Enhancer Journal Club: Polycomb potentiates meis2 activation in midbrain by mediating interaction of the promoter...
Much of the tissue specific gene-expression required for development appears to be driven by cis-regulatory elements like enhancers, but I think the field has a long way to go in understanding how these elements work mechanistically. One nice paper on this subject has recently been published by Haruhiko Koseki's lab out of from RIKEN. The abstract is as follows:
Polycomb-group (PcG) proteins mediate repression of developmental regulators in a reversible manner, contributing to their spatiotemporally regulated expression. However, it is poorly understood how PcG-repressed genes are activated by developmental cues. Here, we used the mouse Meis2 gene as a model to identify a role of a tissue-specific enhancer in removing PcG from the promoter. Meis2 repression in early development depends on binding of RING1B, an essential E3 component of PcG, to its promoter, coupled with its association with another RING1B-binding site (RBS) at the 3' end of the Meis2 gene. During early midbrain development, a midbrain-specific enhancer (MBE) transiently associates with the promoter-RBS, forming a promoter-MBE-RBS tripartite interaction in a RING1-dependent manner. Subsequently, RING1B-bound RBS dissociates from the tripartite complex, leaving promoter-MBE engagement to activate Meis2 expression. This study therefore demonstrates that PcG and/or related factors play a role in Meis2 activation by regulating the topological transition of cis-regulatory elements.

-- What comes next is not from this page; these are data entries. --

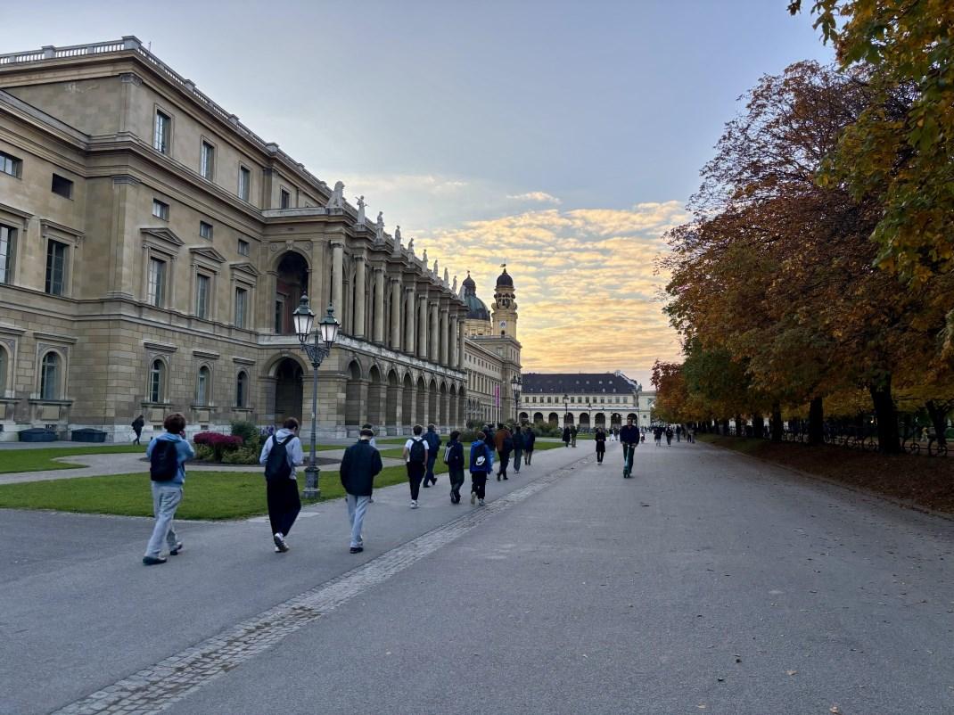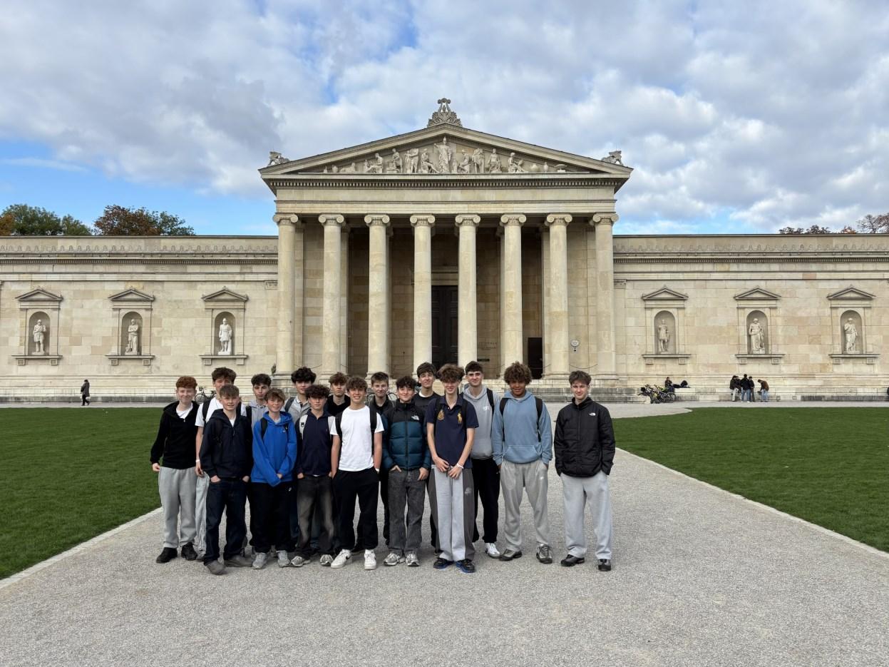 To start off the trip on Friday morning, we were up bright and early and in good spirits when we got to the airport. The flight went without delays and in the blink of an eye we had arrived in Munich. After a 45-minute bus ride to the accommodation we checked into our rooms and set off to the town. As we approached a set of Greek -inspired buildings, we were met by our tour guide in front of one of the buildings. The tour of the city was educational with a particular focus on Nazi Germany, therefore proving to be incredibly engaging. After a couple of hours of walking around the city, we returned to the hostel, ate dinner and went to sleep.
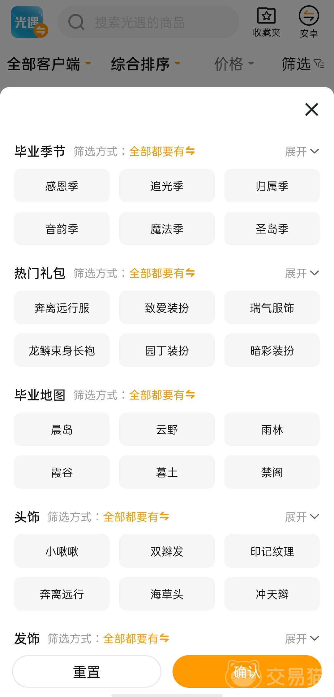 对用户来说账号交易平台的直观感受非常重要,像光遇这款游戏的账号平台都做出了毕业季节、热门礼包、毕业地图以及头饰和发饰等等的分类,自己有哪些东西在账号出售之前可以优先勾选一下看看和自己差不多的账号卖多少,这样也不至于盲目的出售被人秒拍。对买家来说比如想要个有大耳狗斗篷的账号也可以直接勾选定位,非常人性化的设定。
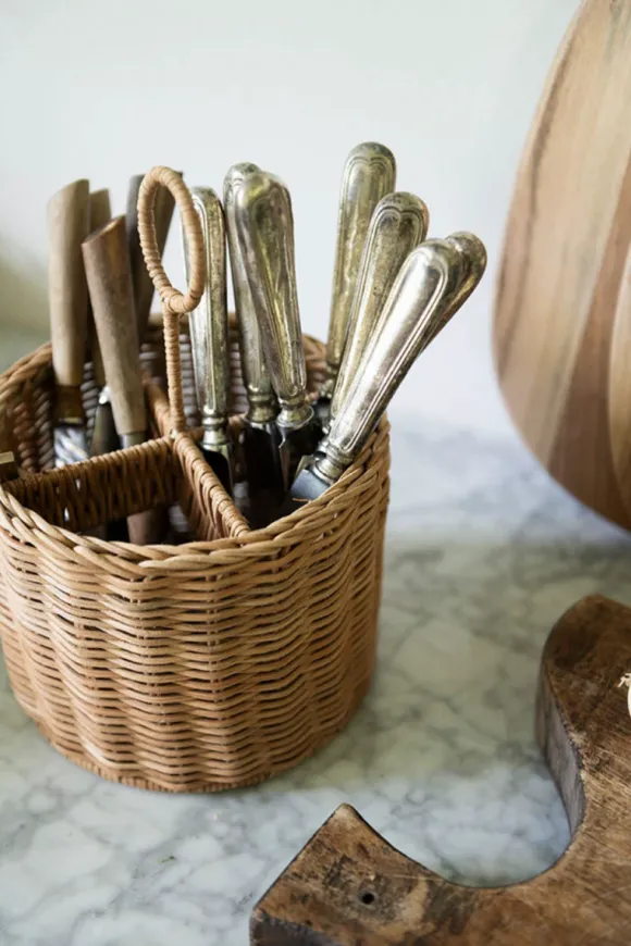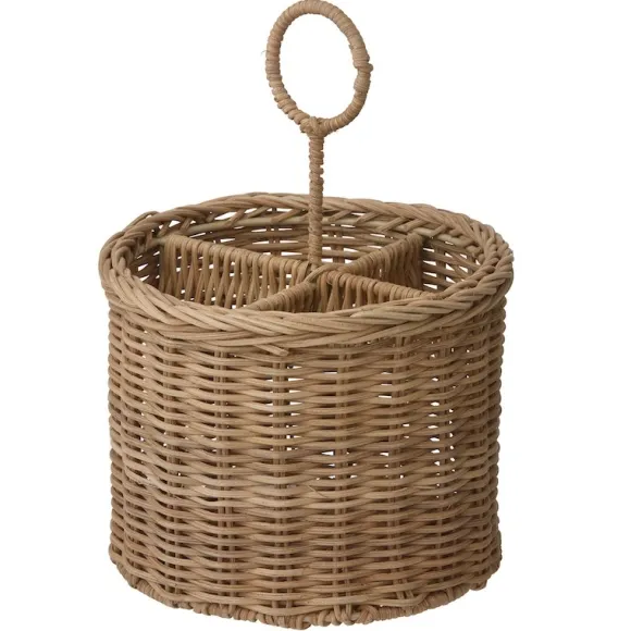 Meriruohosta valmistettu tukeva kori keittiön aterimille. Kaunis kori on kiva pitää esillä tiskipöydällä tai ruokapöydässä. Kahvan vuoksi helppo nostaa vaikka terassille kesäaikaan. Sopii myös veneilijälle. ja toimii myös kynäkorina…
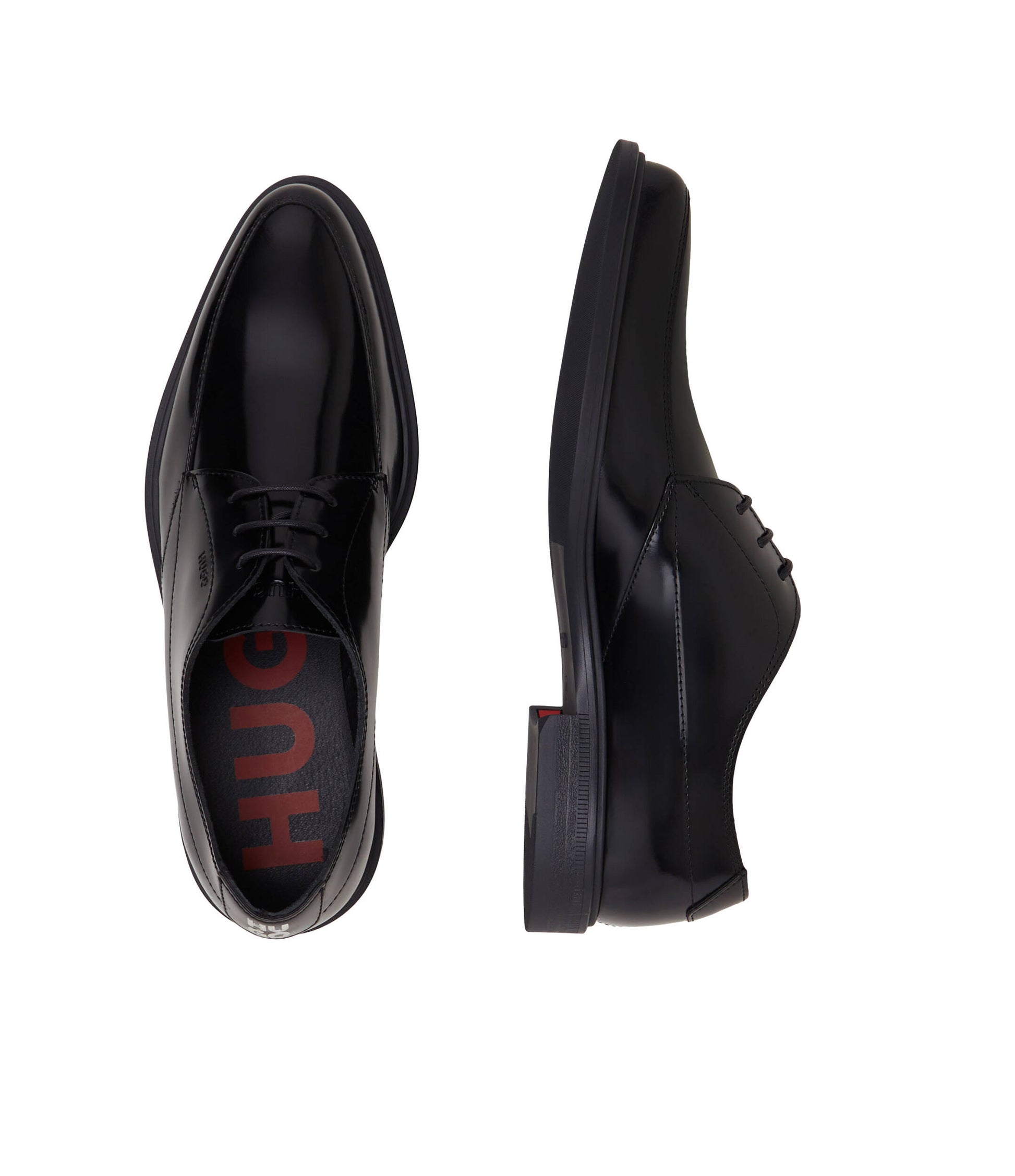 Polished Derby shoes crafted in smooth leather and detailed with a stacked logo on the counter by HUGO.
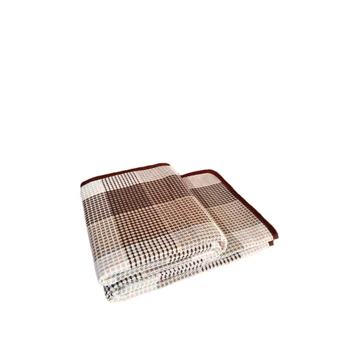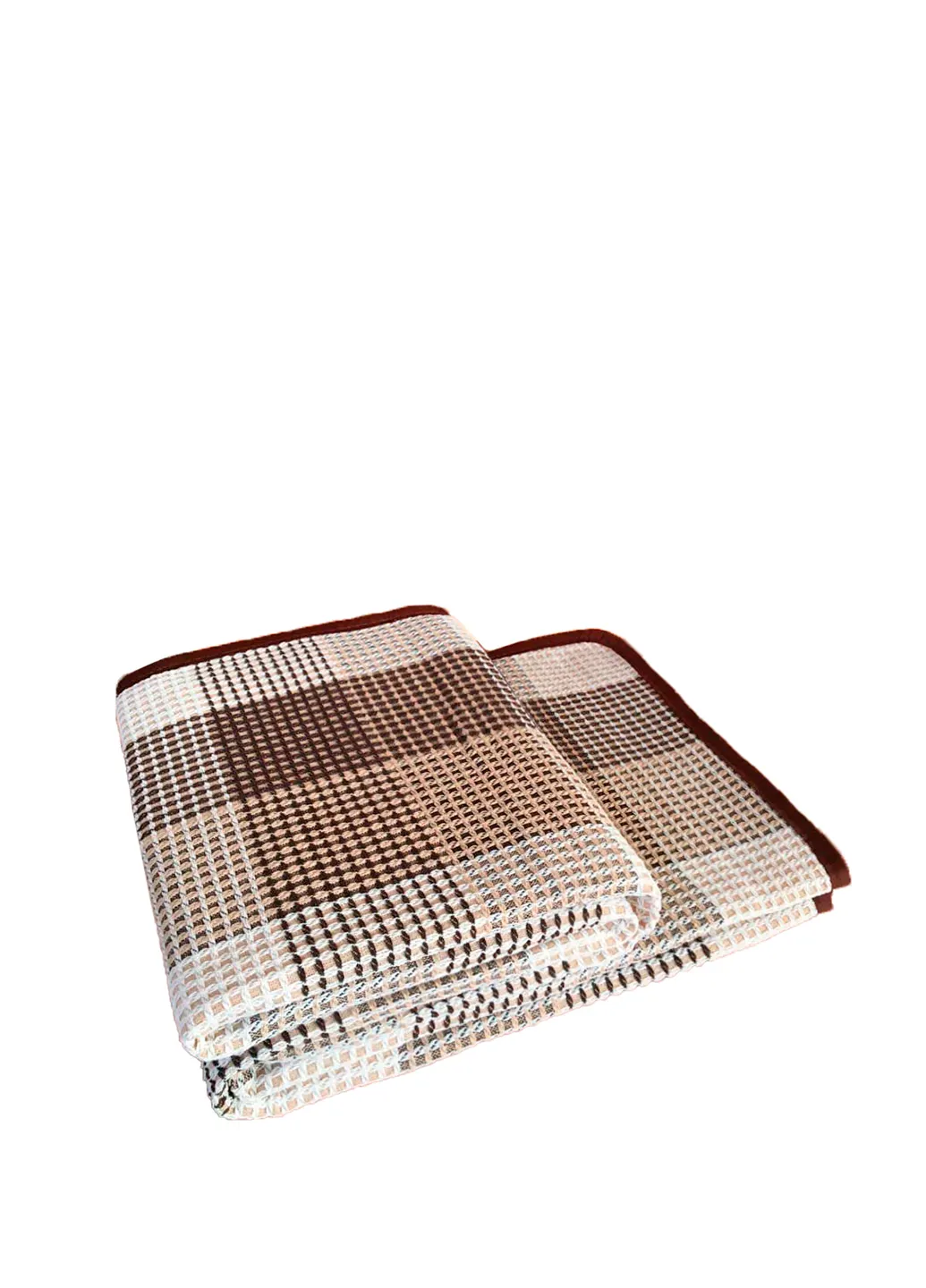 Покривало має вафельну структуру та забарвлення у вигляді квадратів різних відтінків бежевого, доповнене елегантною облямівкою. Такий дизайн відмінно доповнить будь-який інтер'єр, надаючи йому стилю та витонченості.
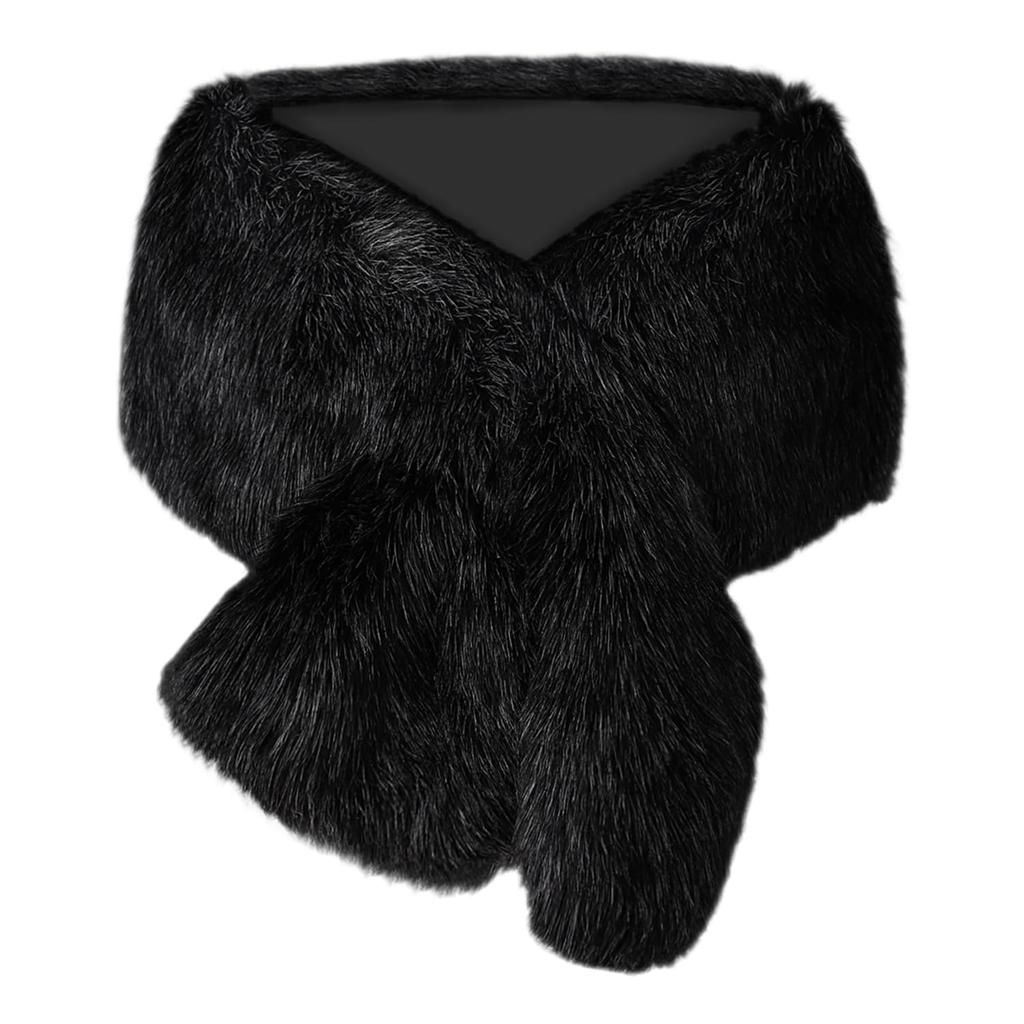 Muzhilun Faux Fur Warm Black Elegant Fur Gorgeous Stole for and Fur Perfect for Formal New and Parties with White Shawl, Eco-Fur, Fur, Thick, Large,
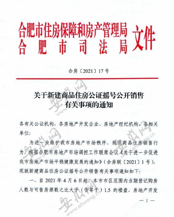 通知要求,合肥市各有关公证机构,各房地产开发企业、房地产经纪机构,各相关单位要注意,自2021年4月6日起,合肥本市市区范围内当期登记购房人数与可售房源数之比大于(含等于)1.5的楼盘,房地产开发企业应采取委托公证机构公证摇号方式公开销售。公证摇号选房应使用公证机构提供的电脑摇号软件,因公证产生的费用由房地产开发企业承担。
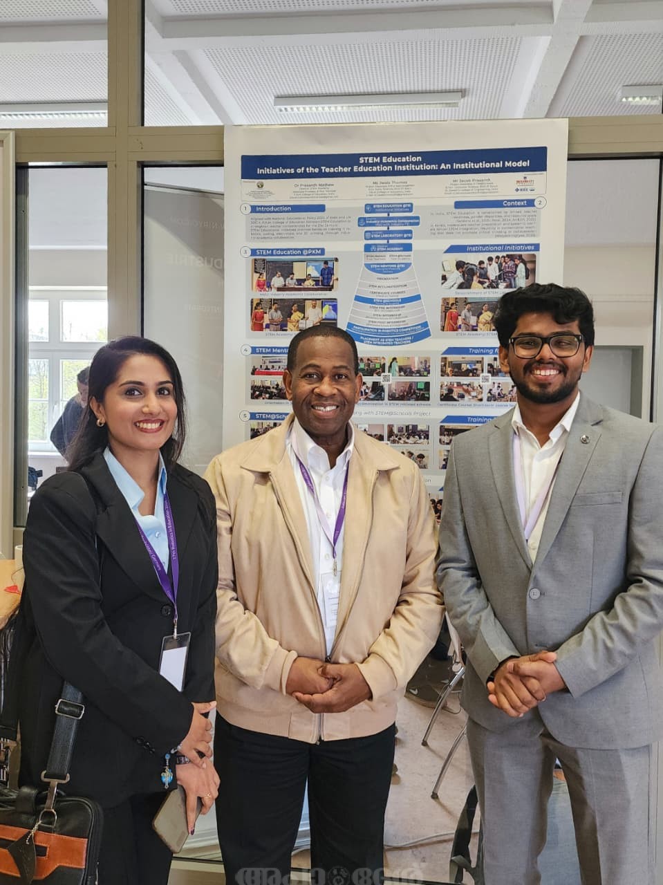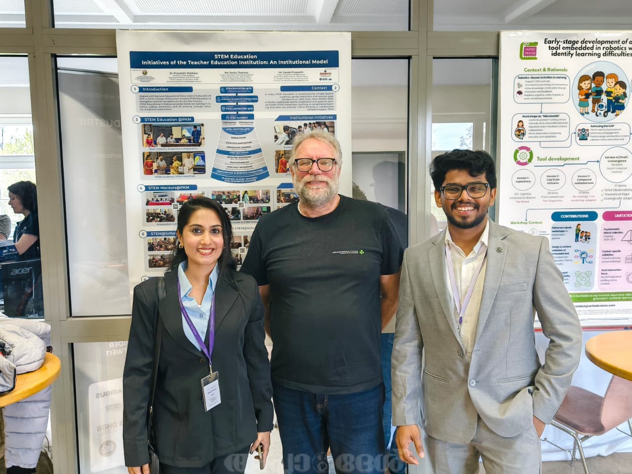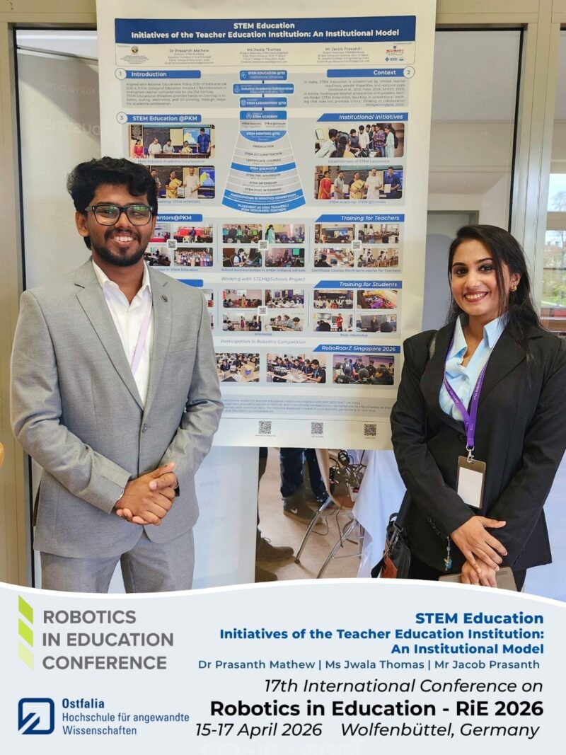 മടമ്പം: ജര്മ്മനിയിലെ ഒസ്ഫാലിയ യൂണിവേഴ്സിറ്റി ഓഫ് അപ്ലൈഡ് സയന്സസ് ഇല് വെച്ച് ഏപ്രില് 15 മുതല് 17 വരെ നടന്ന 17-ാമത് ഇന്റര്നാഷണല് കോണ്ഫറന്സ് ഓണ് റോബോട്ടിക്സ് ഇന് എഡ്യൂക്കേഷന് (RiE 2026)-ല് മടമ്പം പി. കെ. എം. കോളേജ് ഓഫ് എഡ്യൂക്കേഷന് ടീമിന്റെ ഗവേഷണ പോസ്റ്റര് ശ്രദ്ധേയമായി. ‘STEM എഡ്യൂക്കേഷന് ഇനിഷി യേറ്റീവ്സ് ഓഫ് ടീച്ചര് എഡ്യൂക്കേഷന് ഇന്സ്ടിട്യൂഷന് : ആന് ഇന്സ്ടിട്യൂഷണല് മോഡല് ‘ എന്ന ശീര്ഷകത്തിലുള്ള പോസ്റ്ററാണ് അവതരിപ്പിച്ചത്. പോസ്റ്റര് തയ്യാറാക്കിയത് ഡോ . പ്രശാന്ത് മാത്യു (ഡയറക്ടര് , STEM അക്കാദമി & അസോസിയേറ്റ് പ്രൊഫസര് , വൈസ് പ്രിന്സിപ്പല് , പി. കെ. എം. കോളേജ് ഓഫ് എഡ്യൂക്കേഷന് ), ജ്വാല തോമസ് (പ്രൊജക്റ്റ് അസോസിയേറ്റ് , STEM Mentors@PKM), ജേക്കബ് പ്രശാന്ത് (പ്രൊജക്റ്റ് അസോസിയേറ്റ് , STEM@Schools, സെന്റ്. ജോസഫ്സ് കോളേജ് ഓഫ് എഞ്ചിനീയറിംഗ് , പാലാ) എന്നിവരാണ്. ഇന്ത്യയുടെ നാഷണല് എഡ്യൂക്കേഷന് പോളിസി 2020യും UN സസ്റ്റൈനബിള് ഡെവലപ്പ്മെന്റ് ഗോള് 4ഉം അടിസ്ഥാനമാക്കി പി.കെ.എം. കോളേജ് ഓഫ് എഡ്യൂക്കേഷന്റെ ഇന്സ്ടിട്യൂഷന് ഇന്നോവേഷന് കൗണ്സില് കൊച്ചിയിലെ സൃഷ്ടി റോബോട്ടിക്സ് ആന്ഡ് ടെക്നോളോജീസ് Pvt. Ltd-മായി സഹകരിച്ച് റോബോട്ടിക്സ്, കോഡിംഗ്, ഇലക്ട്രോണിക്സ്, 3D പ്രിന്റിംഗ് എന്നീ മേഖലകളില് നടത്തിയ STEM പ്രായോഗിക പരിശീലന പരിപാടികളുടെ സ്ഥാപന മാതൃകയാണ് കോണ്ഫറന്സില് അവതരിപ്പിച്ചത്. STEM പരിശീലന ക്ലാസുകള്ക്ക് നേതൃത്വം നല്കുന്നത് സുനില് പോള് , സി.ഇ.ഒ., സൃഷ്ടി റോബോട്ടിക്സ് ആന്ഡ് ടെക്നോളോജീസ് ആണ്. ഈ പ്രവര്ത്തനങ്ങളുടെ ഭാഗമായി പി.കെ.എം. കോളേജ് ഓഫ് എഡ്യൂക്കേഷനെ ”സെന്റര് ഫോര് STEM എഡ്യൂക്കേഷന് ഇനിഷിയേറ്റീവ് ‘ ആയി Adv. Sajeev Joseph, എം.എല്.എ., ഔദ്യോഗികമായി പ്രഖ്യാപിച്ചിട്ടുണ്ട്. ഇതോടൊപ്പം 2026 വര്ഷത്തേക്കുള്ള സ്റ്റം വിദ്യാഭ്യാസത്തിലെ ഒരു വര്ഷത്തെ സര്ട്ടിഫിക്കേഷന് പ്രോഗ്രാം ആരംഭിച്ചിട്ടുണ്ട്. റോബോട്ടിക്സിന്റെ വിദ്യാഭ്യാസത്തിലെ പ്രയോഗം, ക്ലാസ്റൂമുകളിലെ കൃത്രിമ ബുദ്ധി (AI), STEM അധിഷ്ഠിത പഠനരീതികള്, സാങ്കേതികവിദ്യ ഉപയോഗിച്ചുള്ള നവീന പഠനരീതികള് എന്നിവ ഉള്പ്പെടെ നിരവധി വിഷയങ്ങളെ ആസ്പദമാക്കി ഏകദേശം 60 ഗവേഷണ പ്രബന്ധങ്ങള് അവതരിപ്പിക്കപ്പെട്ടു. ഇന്ത്യയില് നിന്നുള്ള രണ്ട് ടീമുകള് മാത്രമാണ് സമ്മേളനത്തില് പങ്കെടുത്തത്.

So in short, the authors contend that the Meis2 gene is bound by the polycomb-group protein RING1B, which represses it's expression. It also makes a DNA loop to contact another nearby RING1B site. When the gene needs to be activated during development, a tissue specific enhancer forms a new DNA loop to contact the Meis2 promoter and the contact between the promoter and the downstream RING1B site are lost. I think the most interesting feature of this paper is the isolation of the intermediate complex with both the RING1B site and the enhancer interacting with the promoter at the same time. Without this time point captured, one might assume that the repressive RING1B interaction is lost before the new activating interaction with the enhancer is gained.
Another very interesting feature is that the new interaction appears to depend on RING1B in some way. The implications of this are a little unclear as far as I can tell, as the first interaction (RING1B site - promoter) is also dependent on the presence of RING1B. When the authors knock out RING1B before the intermediate "triplet" interaction is formed, they no longer detect the repressive interaction, the intermediate or the activating interactions. To me this leaves unanswered whether the formation of the new enhancer-promoter interaction is really dependent on the physical presence of RING1B at some of these interacting sites, or whether it is simply dependent on the prior interaction between the promoter and the repressive site. Another very interesting question is at what stage the gene becomes active - is it when the enhancer begins to interact with the promoter in the intermediate complex or only when the repressive site is evicted? This could perhaps be answered by DNA/RNA FISH and might give some insight into the molecular mechanisms that might be involved here.
Overall, it's a very interesting paper which leaves a lot of new questions to be picked apart. I think these are exactly the kind of questions that could be answered with new Zinc-Finger/TAL technology in the next few years. For example, what would happen if you used a Zinc Finger to recruit the enhancer to the repressive complex outside of it's normal developmental complex? Is the interaction itself sufficient for evicting the RING1B site or is there another necessary signal? Just one example of how I think this technology could really help us start to unravel what is really going on in these sorts of systems.